What these things do is provide a lazy hook to hang things on while allowing the reduction of any issue to the local, parochial stuff he generally bangs on about. He does two crap seventies sitcom based banking crisis columns. When not relying on sitcoms to reduce global issues, a reduction to the personal is possible. In other columns about the banking crisis, the people who tried to take out ridiculous mortgages get the blame rather than the banks for offering them. "When I was younger and it was the seventies, I never had a great big mortgage and no-one offered them but if they did I wouldn't have gone for one." I'm paraphrasing.
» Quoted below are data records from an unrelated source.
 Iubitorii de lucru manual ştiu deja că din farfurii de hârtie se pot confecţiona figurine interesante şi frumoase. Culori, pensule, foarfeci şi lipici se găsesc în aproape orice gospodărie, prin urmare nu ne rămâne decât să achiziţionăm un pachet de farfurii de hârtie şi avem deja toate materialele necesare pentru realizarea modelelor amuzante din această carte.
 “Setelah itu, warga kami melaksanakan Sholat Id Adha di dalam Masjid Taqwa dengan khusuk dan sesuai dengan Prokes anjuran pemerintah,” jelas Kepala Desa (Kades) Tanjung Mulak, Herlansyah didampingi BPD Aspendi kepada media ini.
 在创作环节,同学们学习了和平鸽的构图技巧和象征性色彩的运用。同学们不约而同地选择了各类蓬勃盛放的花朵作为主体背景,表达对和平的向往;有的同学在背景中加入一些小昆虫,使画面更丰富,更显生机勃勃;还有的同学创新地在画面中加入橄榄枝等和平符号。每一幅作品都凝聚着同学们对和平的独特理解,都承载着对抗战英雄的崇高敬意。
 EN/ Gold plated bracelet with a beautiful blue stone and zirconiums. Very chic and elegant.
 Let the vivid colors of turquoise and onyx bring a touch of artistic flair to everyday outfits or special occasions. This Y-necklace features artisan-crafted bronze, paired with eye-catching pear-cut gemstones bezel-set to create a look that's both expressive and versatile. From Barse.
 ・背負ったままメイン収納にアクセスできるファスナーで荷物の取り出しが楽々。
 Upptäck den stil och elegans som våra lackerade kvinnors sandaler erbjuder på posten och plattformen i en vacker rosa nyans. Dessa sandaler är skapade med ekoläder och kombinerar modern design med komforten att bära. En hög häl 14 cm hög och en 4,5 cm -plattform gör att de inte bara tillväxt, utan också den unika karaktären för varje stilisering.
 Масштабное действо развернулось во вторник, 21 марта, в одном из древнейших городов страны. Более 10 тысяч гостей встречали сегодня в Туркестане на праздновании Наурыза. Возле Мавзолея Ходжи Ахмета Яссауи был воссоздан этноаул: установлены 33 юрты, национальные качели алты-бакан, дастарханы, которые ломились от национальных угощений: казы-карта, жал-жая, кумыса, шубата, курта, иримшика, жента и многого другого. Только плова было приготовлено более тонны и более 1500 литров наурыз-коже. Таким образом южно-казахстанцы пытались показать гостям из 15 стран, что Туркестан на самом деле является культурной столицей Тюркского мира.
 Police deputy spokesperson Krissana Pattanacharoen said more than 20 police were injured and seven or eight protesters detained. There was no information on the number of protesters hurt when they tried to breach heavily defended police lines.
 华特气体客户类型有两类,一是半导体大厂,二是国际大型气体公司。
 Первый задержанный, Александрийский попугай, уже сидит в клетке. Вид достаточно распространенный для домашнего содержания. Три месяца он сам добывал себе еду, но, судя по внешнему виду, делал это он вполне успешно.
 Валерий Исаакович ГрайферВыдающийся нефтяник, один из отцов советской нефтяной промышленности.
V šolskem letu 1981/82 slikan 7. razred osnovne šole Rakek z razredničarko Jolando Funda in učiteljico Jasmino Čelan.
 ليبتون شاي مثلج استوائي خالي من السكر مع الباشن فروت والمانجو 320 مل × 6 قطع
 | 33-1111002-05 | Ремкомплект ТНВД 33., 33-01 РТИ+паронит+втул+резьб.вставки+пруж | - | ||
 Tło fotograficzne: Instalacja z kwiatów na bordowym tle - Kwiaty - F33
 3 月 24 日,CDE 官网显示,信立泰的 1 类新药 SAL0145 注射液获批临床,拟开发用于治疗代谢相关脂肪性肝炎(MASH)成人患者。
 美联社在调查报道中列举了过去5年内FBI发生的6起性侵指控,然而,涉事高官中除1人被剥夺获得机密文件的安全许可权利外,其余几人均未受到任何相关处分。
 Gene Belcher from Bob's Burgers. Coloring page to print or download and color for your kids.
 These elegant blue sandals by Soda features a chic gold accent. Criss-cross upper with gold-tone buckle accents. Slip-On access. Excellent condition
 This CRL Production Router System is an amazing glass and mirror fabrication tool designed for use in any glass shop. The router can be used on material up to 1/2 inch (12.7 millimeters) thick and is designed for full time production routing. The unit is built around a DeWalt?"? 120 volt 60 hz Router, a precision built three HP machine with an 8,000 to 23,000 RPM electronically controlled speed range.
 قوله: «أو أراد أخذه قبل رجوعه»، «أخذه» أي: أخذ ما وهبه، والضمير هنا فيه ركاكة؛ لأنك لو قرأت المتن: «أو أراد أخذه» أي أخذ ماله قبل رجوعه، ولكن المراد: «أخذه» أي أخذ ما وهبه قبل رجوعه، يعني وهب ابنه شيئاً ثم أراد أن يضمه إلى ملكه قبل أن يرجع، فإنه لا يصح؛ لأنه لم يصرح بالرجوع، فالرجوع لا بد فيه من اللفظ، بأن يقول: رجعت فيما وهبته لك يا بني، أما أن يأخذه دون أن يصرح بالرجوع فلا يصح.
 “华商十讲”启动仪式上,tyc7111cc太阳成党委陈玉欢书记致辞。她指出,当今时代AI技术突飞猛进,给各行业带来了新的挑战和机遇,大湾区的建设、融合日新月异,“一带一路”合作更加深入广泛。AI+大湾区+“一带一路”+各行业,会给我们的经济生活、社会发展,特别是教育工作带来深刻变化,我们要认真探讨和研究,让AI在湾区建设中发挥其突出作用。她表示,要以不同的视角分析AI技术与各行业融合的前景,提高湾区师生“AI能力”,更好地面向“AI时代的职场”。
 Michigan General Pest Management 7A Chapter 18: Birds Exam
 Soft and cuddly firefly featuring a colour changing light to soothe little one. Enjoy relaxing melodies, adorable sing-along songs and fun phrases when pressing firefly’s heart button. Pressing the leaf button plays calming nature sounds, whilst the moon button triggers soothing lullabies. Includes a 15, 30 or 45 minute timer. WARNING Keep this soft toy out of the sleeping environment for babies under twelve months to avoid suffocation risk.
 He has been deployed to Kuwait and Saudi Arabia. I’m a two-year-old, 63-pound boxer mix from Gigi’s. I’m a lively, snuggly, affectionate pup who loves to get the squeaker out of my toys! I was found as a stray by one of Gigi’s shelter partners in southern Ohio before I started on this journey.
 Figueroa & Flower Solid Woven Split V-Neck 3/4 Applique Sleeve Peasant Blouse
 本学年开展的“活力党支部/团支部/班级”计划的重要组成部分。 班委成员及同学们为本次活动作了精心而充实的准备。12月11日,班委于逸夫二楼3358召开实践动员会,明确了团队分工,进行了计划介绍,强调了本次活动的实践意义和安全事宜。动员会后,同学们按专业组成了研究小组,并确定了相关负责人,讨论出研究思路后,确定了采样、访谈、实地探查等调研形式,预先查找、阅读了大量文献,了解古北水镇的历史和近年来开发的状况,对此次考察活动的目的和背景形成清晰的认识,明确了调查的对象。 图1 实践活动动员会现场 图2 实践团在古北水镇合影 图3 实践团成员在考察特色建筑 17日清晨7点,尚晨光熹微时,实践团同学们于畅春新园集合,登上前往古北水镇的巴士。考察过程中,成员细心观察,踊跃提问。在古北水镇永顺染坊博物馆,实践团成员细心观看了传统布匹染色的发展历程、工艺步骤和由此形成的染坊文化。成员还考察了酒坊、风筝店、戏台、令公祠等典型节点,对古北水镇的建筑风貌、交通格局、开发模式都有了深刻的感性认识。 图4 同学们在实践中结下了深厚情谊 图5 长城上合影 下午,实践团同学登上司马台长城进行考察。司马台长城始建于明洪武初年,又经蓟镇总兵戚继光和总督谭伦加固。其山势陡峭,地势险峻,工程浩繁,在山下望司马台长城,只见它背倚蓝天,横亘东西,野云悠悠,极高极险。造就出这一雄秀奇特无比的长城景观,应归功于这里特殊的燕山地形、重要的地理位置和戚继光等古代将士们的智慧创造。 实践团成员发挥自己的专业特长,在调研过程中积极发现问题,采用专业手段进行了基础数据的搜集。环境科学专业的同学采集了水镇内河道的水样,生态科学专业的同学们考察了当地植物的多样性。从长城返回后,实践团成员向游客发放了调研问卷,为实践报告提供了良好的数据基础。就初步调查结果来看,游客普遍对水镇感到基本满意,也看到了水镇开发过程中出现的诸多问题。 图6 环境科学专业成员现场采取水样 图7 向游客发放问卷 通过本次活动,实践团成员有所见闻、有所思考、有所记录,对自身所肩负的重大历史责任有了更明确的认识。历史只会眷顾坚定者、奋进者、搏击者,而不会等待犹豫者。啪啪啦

Right. That's enough of that. Just thinking about all that was making me ready to stick my head in a drawer and whud it shut. In part 3 I'll look at his complete lack of research and wrap things up. This one will come quicker with any luck.


Ernie Goggins said...

Very interesting as always, but the real question is: how is dropping your phone in the bath something out of your control?

Anonymous said...

it realy depends on what he was doing in the bathroom with a phone dose it not :)

BenM said...

Oh, you got that "vertigo" virus too?! Horrible little illness that is.

The acute symptoms are bad enough, but the dizziness and associated nausea can last for a fortnight.

I'd never heard of it before but the number of people suffering it seem to be adding up. My wife got it a couple of years ago and two work colleagues last year.

Labyrinthitis I think it's called. Nasty.